Jungle colony book 2, p.122
Jungle (Colony Book 2), page 122
They rounded the corner slowly, both the marines’ and the solis’ weapons up and at the ready. Sweets eyes snapped to their scout immediately, crouched above a trio of bodies that looked as though they had fallen back to back and gone down fighting.
“Keep watch,” Valdez said, slowing as they neared the trio. “I’ll grab their idents.” He crouched by the bodies, the soli sergeant stepping up beside him and then bending down on one knee as well.
“Pascal, Sarraf, and Kentlay,” Nido said, her voice dark, and a faint murmur rumbled over the comms. Different from the faint hissing that had been periodically rising from the ship’s intercoms, whatever that was. It was a murmur of recognition, mixed with shock and a little anger. “Damn.”
“These three weren’t eaten or clawed,” Valdez said, tapping one of the bodies. His finger came away crusty with drying blood, and he wiped it on one leg. “Bullet wounds. Armor-piercing ammunition.” His head turned as if following an invisible line, and he pointed at a series of reddish pock marks in the nearest wall.
“Friendly fire?” one of the solis suggested, but Sergeant Nido shook her head.

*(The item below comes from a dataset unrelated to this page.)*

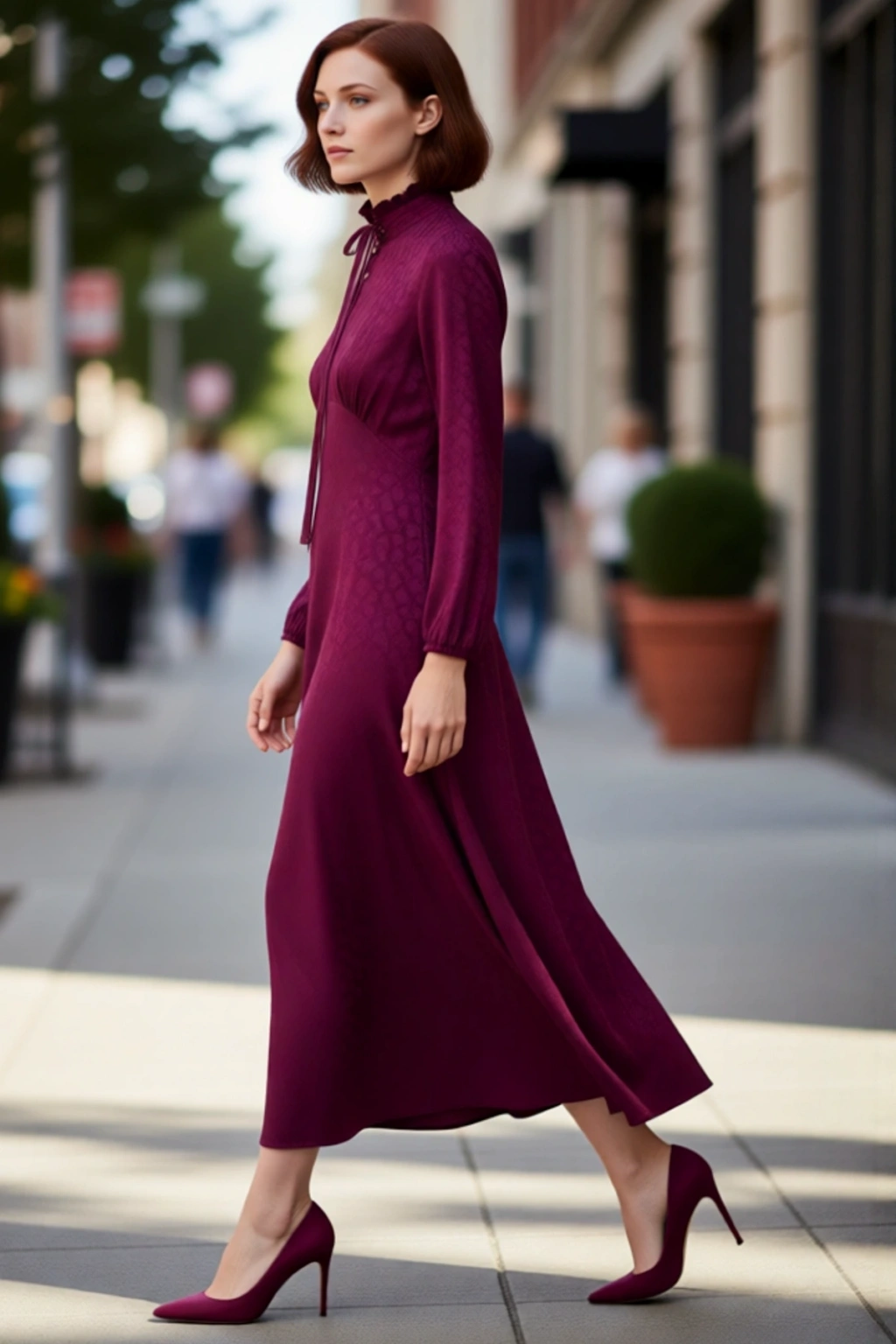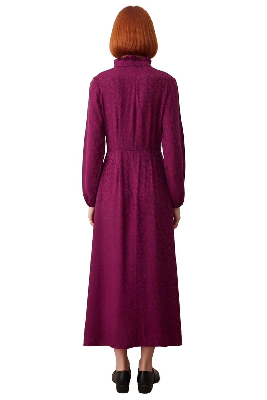 Ürün Özellikleri: A-line kalıp, viskoz polyester materyal, jakar desen, fırfırlı yüksek yaka, uzun kol, dokuma kumaş, mor renk, astarsız.

“Not like this,” she said, her voice dark. “This looks deliberate.”
“It was deliberate,” Valdez said. “It was fast and rapid, but …” They shifted, moving to another of the bodies. “The entry wounds are all facing the same direction relative to where they fell. Hold on …” He held out his fingers, resting them against one of the fallen solis’ helmets. “Pulling up the last few seconds of audio …”
The lieutenant was silent for a moment, body frozen with fingers extended.
There was a strange lump in the back of Sweets throat. Relax, he thought, trying to recall Quiin’s advice as he swallowed. He wiped the palm of one hand against his jeans for what felt like the hundredth time.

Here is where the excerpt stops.